### THE DATA
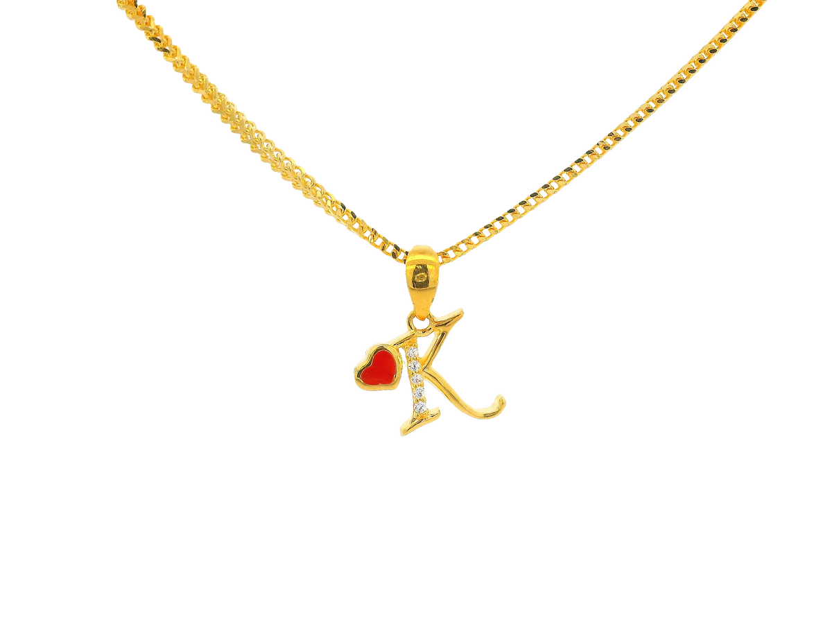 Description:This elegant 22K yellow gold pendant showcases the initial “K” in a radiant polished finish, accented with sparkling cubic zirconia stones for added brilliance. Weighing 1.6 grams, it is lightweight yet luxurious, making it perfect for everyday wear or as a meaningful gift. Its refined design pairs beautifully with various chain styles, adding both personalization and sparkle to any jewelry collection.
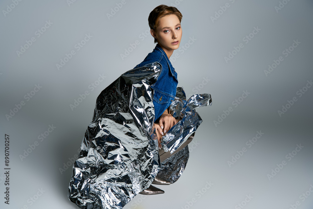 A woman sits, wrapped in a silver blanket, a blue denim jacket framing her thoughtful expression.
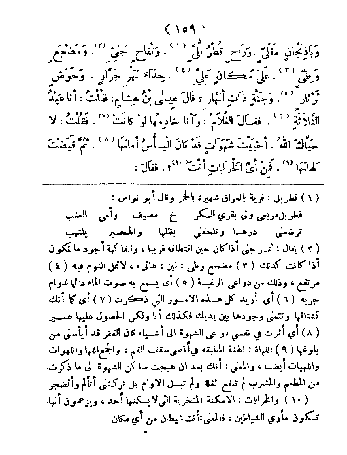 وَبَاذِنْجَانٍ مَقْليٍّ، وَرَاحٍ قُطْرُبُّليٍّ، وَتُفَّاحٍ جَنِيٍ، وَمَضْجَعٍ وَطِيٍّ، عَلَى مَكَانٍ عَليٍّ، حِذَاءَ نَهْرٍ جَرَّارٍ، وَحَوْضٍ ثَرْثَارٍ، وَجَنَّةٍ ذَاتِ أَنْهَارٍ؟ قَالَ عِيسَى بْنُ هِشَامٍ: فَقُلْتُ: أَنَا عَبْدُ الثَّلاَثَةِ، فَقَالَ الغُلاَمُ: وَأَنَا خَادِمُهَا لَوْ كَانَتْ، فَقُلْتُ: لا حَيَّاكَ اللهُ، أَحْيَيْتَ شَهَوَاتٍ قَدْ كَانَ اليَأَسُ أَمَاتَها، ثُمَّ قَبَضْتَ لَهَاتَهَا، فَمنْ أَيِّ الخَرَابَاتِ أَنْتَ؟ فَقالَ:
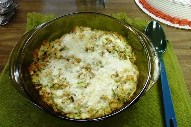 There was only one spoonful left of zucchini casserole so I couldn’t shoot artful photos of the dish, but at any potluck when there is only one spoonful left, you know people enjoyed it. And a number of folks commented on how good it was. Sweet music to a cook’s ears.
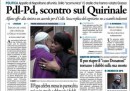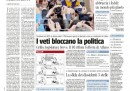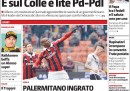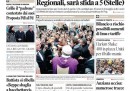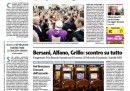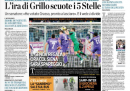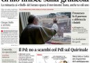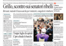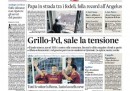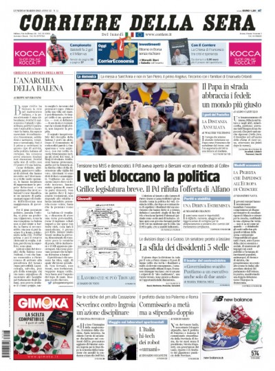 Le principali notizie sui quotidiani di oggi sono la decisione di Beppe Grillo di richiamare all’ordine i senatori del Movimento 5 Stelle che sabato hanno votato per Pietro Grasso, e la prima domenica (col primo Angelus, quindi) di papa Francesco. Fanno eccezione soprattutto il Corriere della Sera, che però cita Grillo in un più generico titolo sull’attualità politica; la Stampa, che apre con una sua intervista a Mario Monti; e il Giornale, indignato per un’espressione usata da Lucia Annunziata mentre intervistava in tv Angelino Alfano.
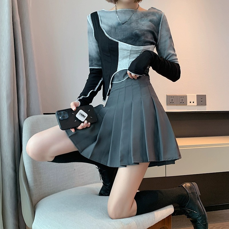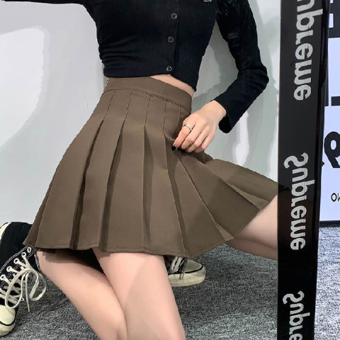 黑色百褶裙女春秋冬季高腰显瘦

### DIRECTIONS
Set down every entry above again exactly, dropping each picture.

### RESPONSE BOX
 Description:This elegant 22K yellow gold pendant showcases the initial “K” in a radiant polished finish, accented with sparkling cubic zirconia stones for added brilliance. Weighing 1.6 grams, it is lightweight yet luxurious, making it perfect for everyday wear or as a meaningful gift. Its refined design pairs beautifully with various chain styles, adding both personalization and sparkle to any jewelry collection.
 A woman sits, wrapped in a silver blanket, a blue denim jacket framing her thoughtful expression.
 وَبَاذِنْجَانٍ مَقْليٍّ، وَرَاحٍ قُطْرُبُّليٍّ، وَتُفَّاحٍ جَنِيٍ، وَمَضْجَعٍ وَطِيٍّ، عَلَى مَكَانٍ عَليٍّ، حِذَاءَ نَهْرٍ جَرَّارٍ، وَحَوْضٍ ثَرْثَارٍ، وَجَنَّةٍ ذَاتِ أَنْهَارٍ؟ قَالَ عِيسَى بْنُ هِشَامٍ: فَقُلْتُ: أَنَا عَبْدُ الثَّلاَثَةِ، فَقَالَ الغُلاَمُ: وَأَنَا خَادِمُهَا لَوْ كَانَتْ، فَقُلْتُ: لا حَيَّاكَ اللهُ، أَحْيَيْتَ شَهَوَاتٍ قَدْ كَانَ اليَأَسُ أَمَاتَها، ثُمَّ قَبَضْتَ لَهَاتَهَا، فَمنْ أَيِّ الخَرَابَاتِ أَنْتَ؟ فَقالَ:
 There was only one spoonful left of zucchini casserole so I couldn’t shoot artful photos of the dish, but at any potluck when there is only one spoonful left, you know people enjoyed it. And a number of folks commented on how good it was. Sweet music to a cook’s ears.
 Le principali notizie sui quotidiani di oggi sono la decisione di Beppe Grillo di richiamare all’ordine i senatori del Movimento 5 Stelle che sabato hanno votato per Pietro Grasso, e la prima domenica (col primo Angelus, quindi) di papa Francesco. Fanno eccezione soprattutto il Corriere della Sera, che però cita Grillo in un più generico titolo sull’attualità politica; la Stampa, che apre con una sua intervista a Mario Monti; e il Giornale, indignato per un’espressione usata da Lucia Annunziata mentre intervistava in tv Angelino Alfano.
 黑色百褶裙女春秋冬季高腰显瘦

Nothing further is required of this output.